L'inventaire doit notamment rappeler l'intégralité des charges liées au bail et ne peut être remplacé par une clause imputant seulement certaines charges au preneur (Cour d'appel de Versailles, 7 mars 2024, n° 22/05759). Seules les charges expressément prévues au bail peuvent être imputées au preneur (Cour de cassation, 3ème chambre civile, 13 juin 2012 n°11-17.114 ; Cour de cassation, 17 mai 2018 n°17-11.088). Les dépenses incombant directement au locataire pour l'exploitation du local ne sont pas considérées comme des charges relevant de l'inventaire.   
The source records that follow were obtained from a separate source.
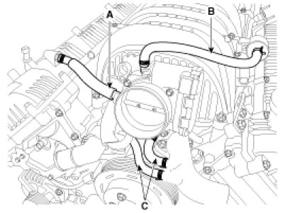 17. Disconnect the PCV hose (A), the PCSV hose (B) and the water hoses (C) from the intake manifold module and the throttle body.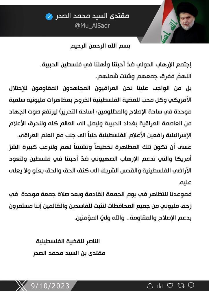 الصدر يدعو إلى تظاهرة مليونية في ساحة التحرير لنصرة القضية الفلسطينية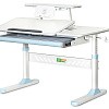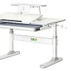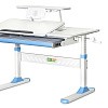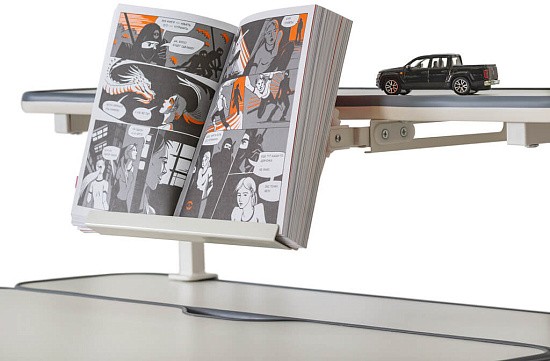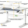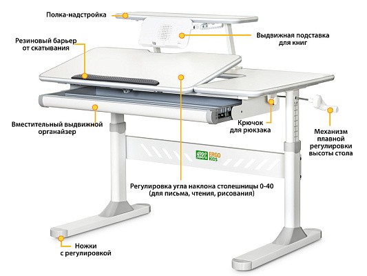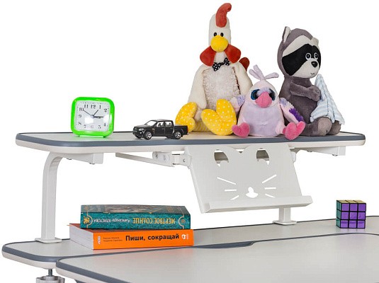 Стол дополнен съемной полкой, на которой можно размещать учебники. Полка имеет регулируемую металлическую подставку для книги. Подставка для книг находится на безопасном расстоянии от глаз ребенка, таким образом сохранится зрение. По окончанию работы, подставку можно задвинуть.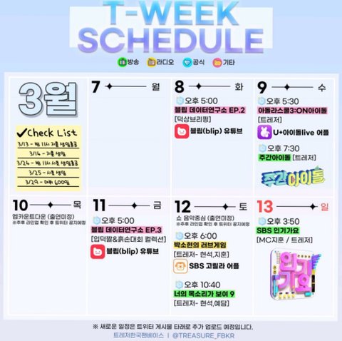 이번주 스케줄이래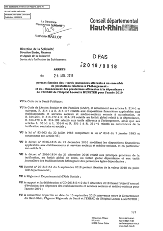 portant fixation des "tarifs journaliers afférents à un ensemble de prestations relatives à l'hébergement" et du "financement des prestations afférentes à la dépendance" de l'EHPAD de l'hôpital Loewel à MUNSTER pour l'année 2019 Resumé Pièces jointes ARRETE Assemblée : Non défini Date : 24/01/2019 Rapporteur : Non défini Collectivité : Conseil départemental du Haut-Rhin Direction : Non défini Service : DGA Développement Humain et Solidarité Domaine : Prix de Journée Commission :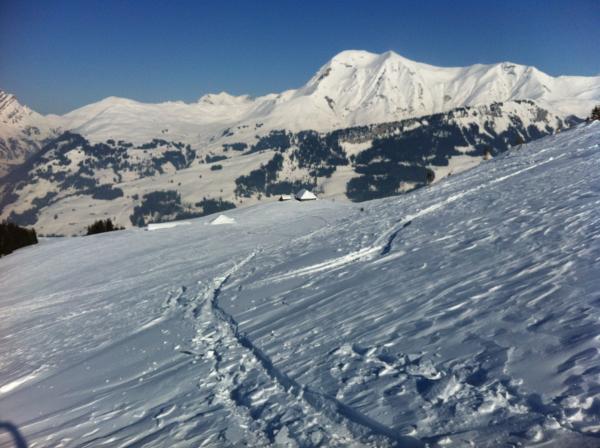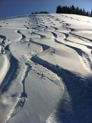 Die Abfahrt zur Dürewaldbrücke bietet noch Superpuder und ein bisschen Platz für neue Wedeleien.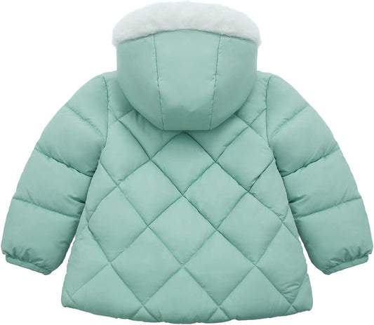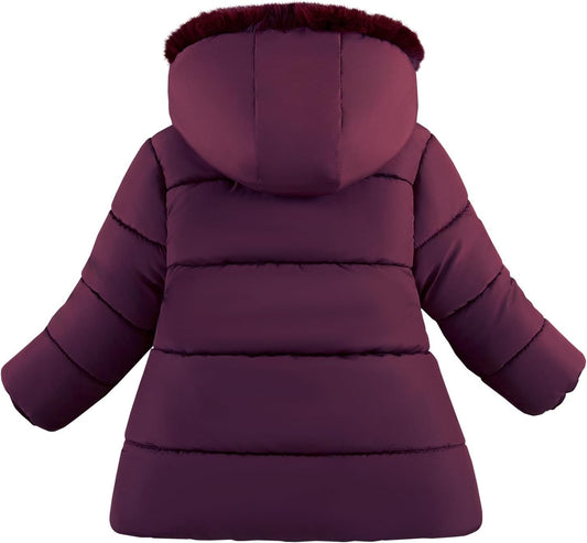 Rokka&Rolla Baby Girls' Water-Resistant Puffer Jacket Hooded Winter Coat with Soft Mini Fur Lining for Newborn Infant Toddler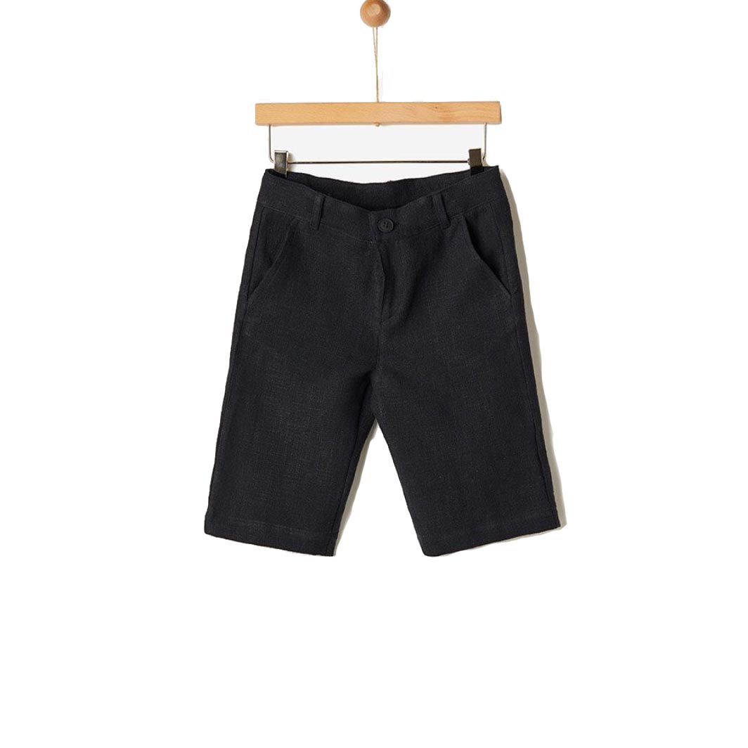 Mαύρη υφαντή βερμούδα που συνδυάζεται υπέροχα με το λινό πουκάμισο της Yell-oh.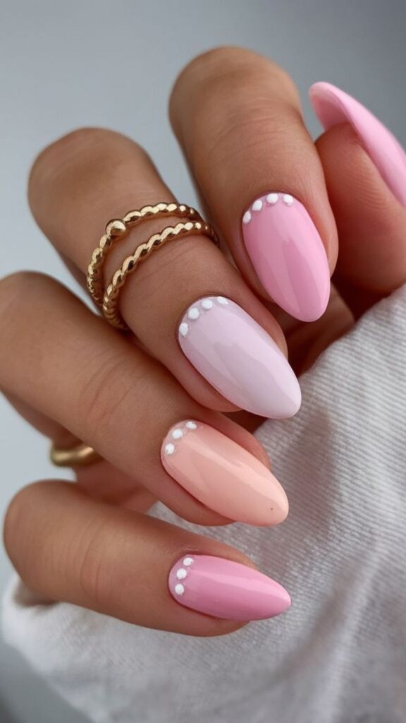 Oval nails in different shades of pink (a gradient effect across the hand). Soft and cozy look.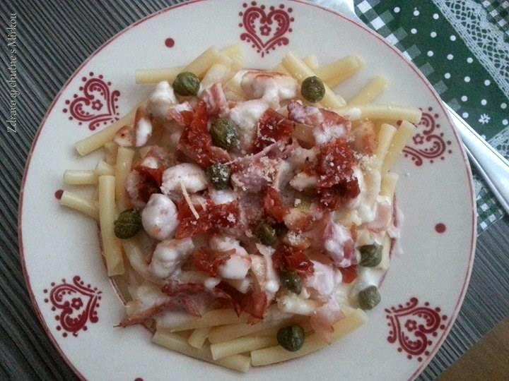 Jednoduché a rýchle, cestoviny v syrovej omáčke s kuracím mäsom opečenou šunkou, sušené paradajky a ako pre mňa kapary
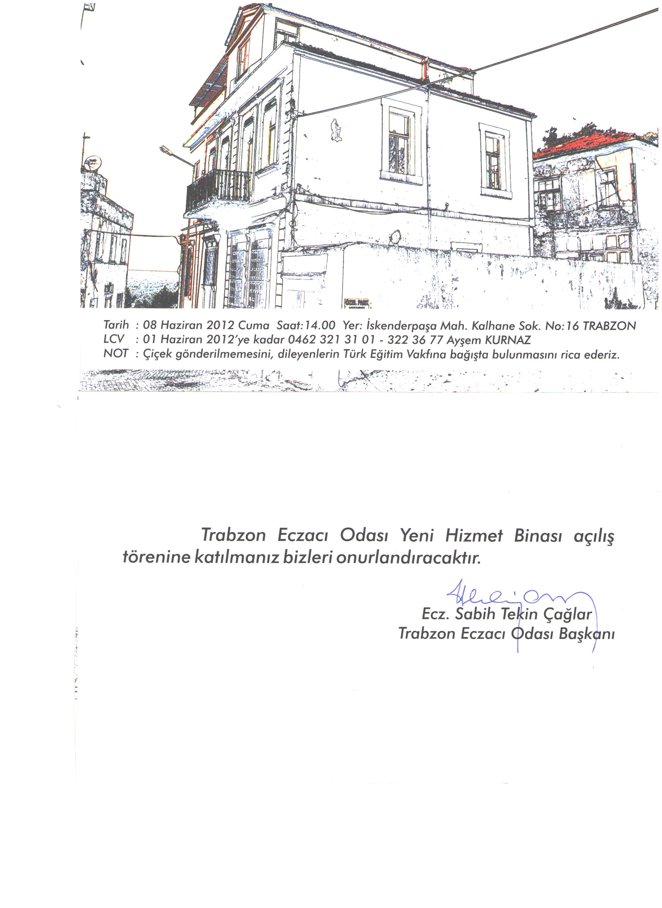 Trabzon Eczacı Odası yeni hizmet binasını 8 Haziran- Cuma günü saat 14: 00 de törenle açacak.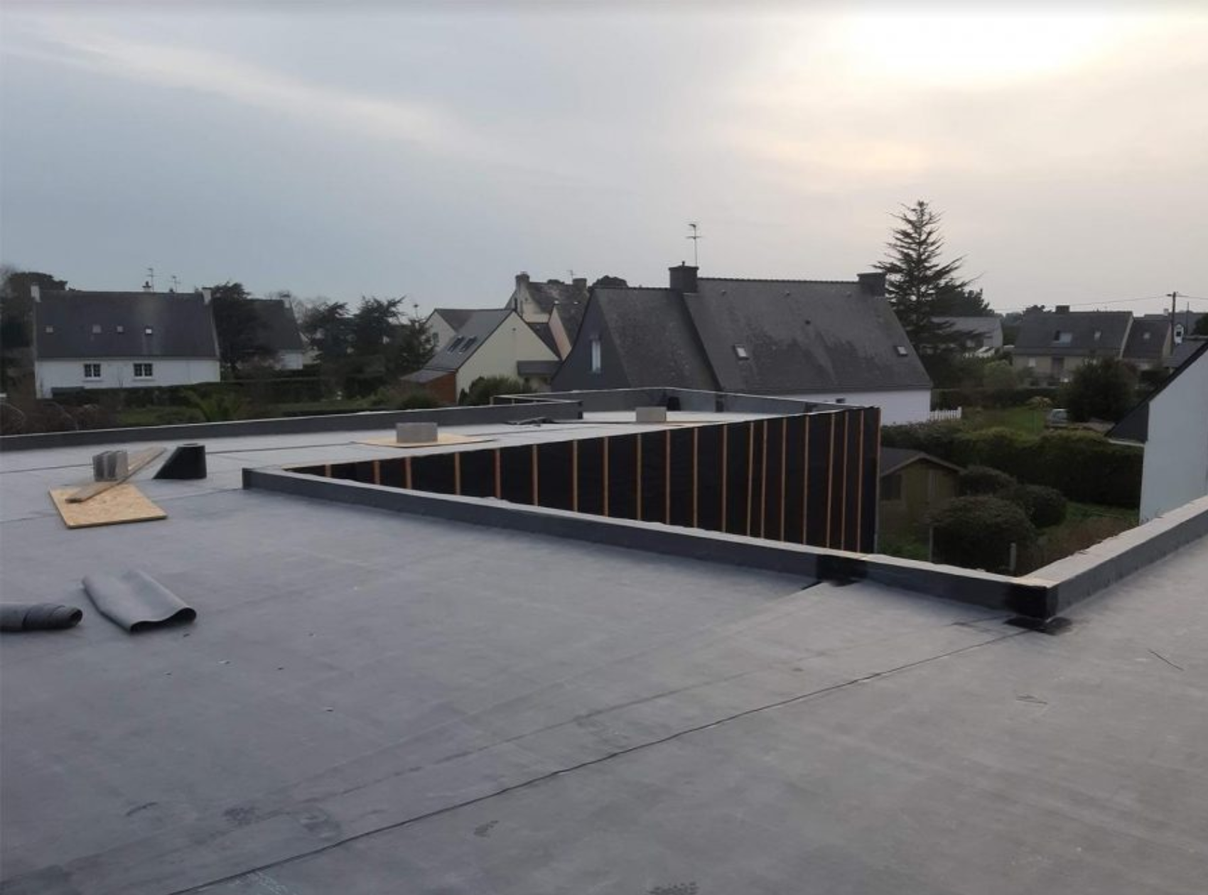 Pose et réfection de systèmes d'étanchéité pour terrasses accessibles ou inaccessibles. Membranes, relevés, points singuliers traités avec soin pour une protection durable contre les infiltrations.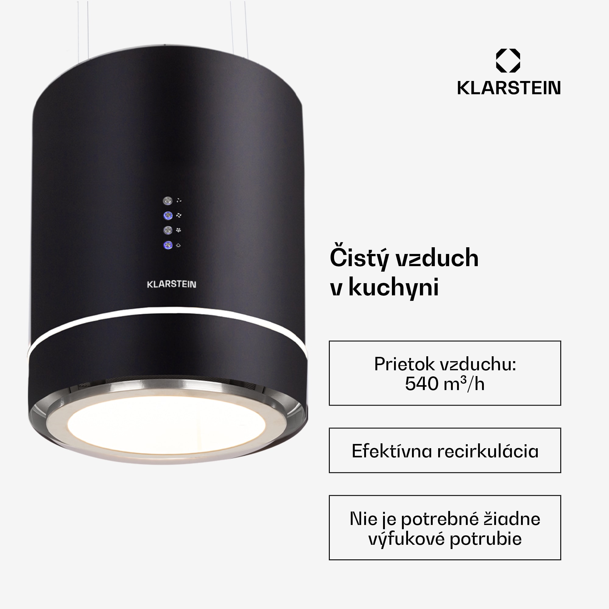 Budúcnosť odparovania výparov: ostrovčekový digestor Klarstein Tron Ambience prináša do kuchyne futuristický lesk a zbaví vzduch pár a výparov.Dokonalosť pre kuchynský ostrovček. S ostrovčekovým digestorom Klarstein Tron Ambience získa otvorená varná plocha posledné luxusné doladenie, keďže názov zariadenia zároveň pomenúva aj jeho program. Digestor voľne visí zo stropu na odolných, 140 cm dlhých oceľových lankách a efektívne sa postará o odstránenie výparov vznikajúcich pri varení. V troch výkonnostných úrovniach neúnavne cirkuluje vzduch s prietokom vzduchu až do 540 m³/h, čím neúnavne odstraňuje z kuchynského vzduchu mastnotou a pachy. Vďaka tomu je ideálny pre veľké priestory americkej ostrovčekovej kuchyne. Pri všetkých výkonnostných úrovniach dodáva zabudované LED diódy osvetlenie varnej plochy svetlé, biele svetlo, zatiaľ čo predný ovládací panel s digitálnym displejom presne zobrazuje jeden zo zvolených výkonnostných stupňov.Ostrovčekový digestor Klarstein Tron Ambience sa vyznačuje dokonale elegantným vonkajším vzhľadom. V dizajne PureAmbience získava okrúhla čierna konštrukcia s jasne osvetleným LED kruhom na varnom ostrove futuristický lesk.Čistý vzduch a elegantný vzhľad: stropný ostrovčekový digestor Klarstein Tron Ambience prinesie do kuchyne žiarivé momenty.Všimnite si, prosím, že tento digestor je určený na recirkulačnú prevádzku a je už už vybavený vhodnými filtrami s aktívnym uhlím.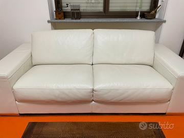 Vendo, marca divani e divani by natuzzi, in vera pelle bianco, divano mt. 2.15x95 (ovviamente è un divano e non un letto per dormirci sempre ma di emergenza il materasso è alto 10 cm.) e poltrona mt. 100x93 Sono tenuti perfettamente, usati praticamente mai, non hanno un graffio. Il prezzo di divano e poltrona non è trattabile ed è quello scritto. Il prezzo d'acquisto è stato di €3000.
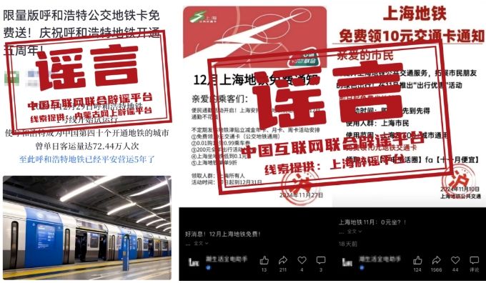 其實,這是一個非常老套的傳播手法,此前曾在成都、合肥等多個城市出現過,并已被官方權威辟謠【相關辟謠信息請見→今日辟謠(2024年10月25日)】。(來源:上海網絡辟謠、呼和浩特地鐵)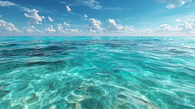 A serene seascape of tranquil turquoise waters under a vast sky, with gentle waves rippling across the surface, inviting viewers to immerse themselves in nature's calming embrace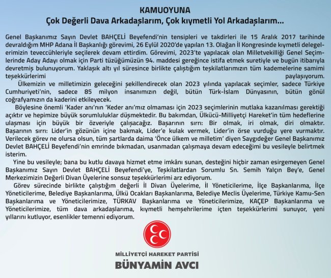 Bünyamin AVCI: "Milletvekilliği aday adaylığı için an itibarıyla il başkanlığı görevimden ayrılmış bulunmaktayım. Genel başkanımızın sonuna kadar emrinde tüm teşkilatlarımızın yanında hizmet etmeye devam edeceğim"

L'article R145.35 du Code de commerce liste les charges qui ne peuvent plus être imputées au preneur depuis le décret du 3 novembre 2014, telles que les grosses réparations (article 606 du Code civil), les travaux de vétusté ou de mise en conformité relevant des grosses réparations, les impôts, taxes et redevances dont le redevable légal est le bailleur (sauf exceptions), les honoraires du bailleur liés à la gestion des loyers, et dans un ensemble immobilier, les charges relatives à des locaux vacants ou imputables à d'autres locataires.   


L'inventaire doit également prévoir une répartition des charges entre le bailleur et le preneur par catégories (Cour d'appel de Bordeaux, 2 mars 2022, 4e civ., nº 18/04413). Dans un ensemble immobilier comportant plusieurs locataires, le contrat de location doit préciser la répartition des charges ou du coût des travaux entre les différents locataires en fonction de la surface exploitée. Le montant des impôts, taxes et redevances imputables au locataire correspond strictement au local occupé et à la quote-part des parties communes nécessaires à l'exploitation (article L145-40-2 du Code de commerce). À défaut de clé de répartition contractuelle, les dépenses ne sont pas recouvrables (CA Paris, 15 mai 2019). Dans un immeuble en monopropriété avec plusieurs locataires, la répartition des charges s'effectue au prorata de la surface exploitée. Dans un immeuble en copropriété, les tantièmes applicables au lot exploité par le locataire doivent être rappelés.   


Conséquences de l'Absence ou de l'Incomplétude de l'Inventaire

L'article L145-40-2 du Code de commerce est d'ordre public et toute clause contraire est réputée non écrite (article L.145-15 du Code de commerce). Ainsi, en l'absence d'un inventaire conforme, le bailleur ne peut procéder à la refacturation des charges (Tribunal judiciaire de Paris, 18ème chambre, 14 novembre 2024 n° 20/10175). Cette irrégularité ne peut être régularisée ultérieurement par la production de décomptes ou de justificatifs. Le paiement des charges par le preneur sans contestation préalable ne fait pas obstacle à une demande de remboursement ultérieure (Cour de cassation, 13 février 2025 n°23-17.978).   


Conclusion : Une Rédaction Rigoureuse pour Sécuriser la Relation Locative

En conclusion, la rédaction d'un inventaire précis et limitatif des charges dans le bail commercial est une obligation légale essentielle. Sa conformité aux dispositions légales et aux interprétations jurisprudentielles est cruciale pour la validité des clauses de charges et pour la prévention des litiges entre bailleur et locataire. L'assistance d'un conseil juridique est fortement recommandée afin de garantir la sécurité juridique de la transaction.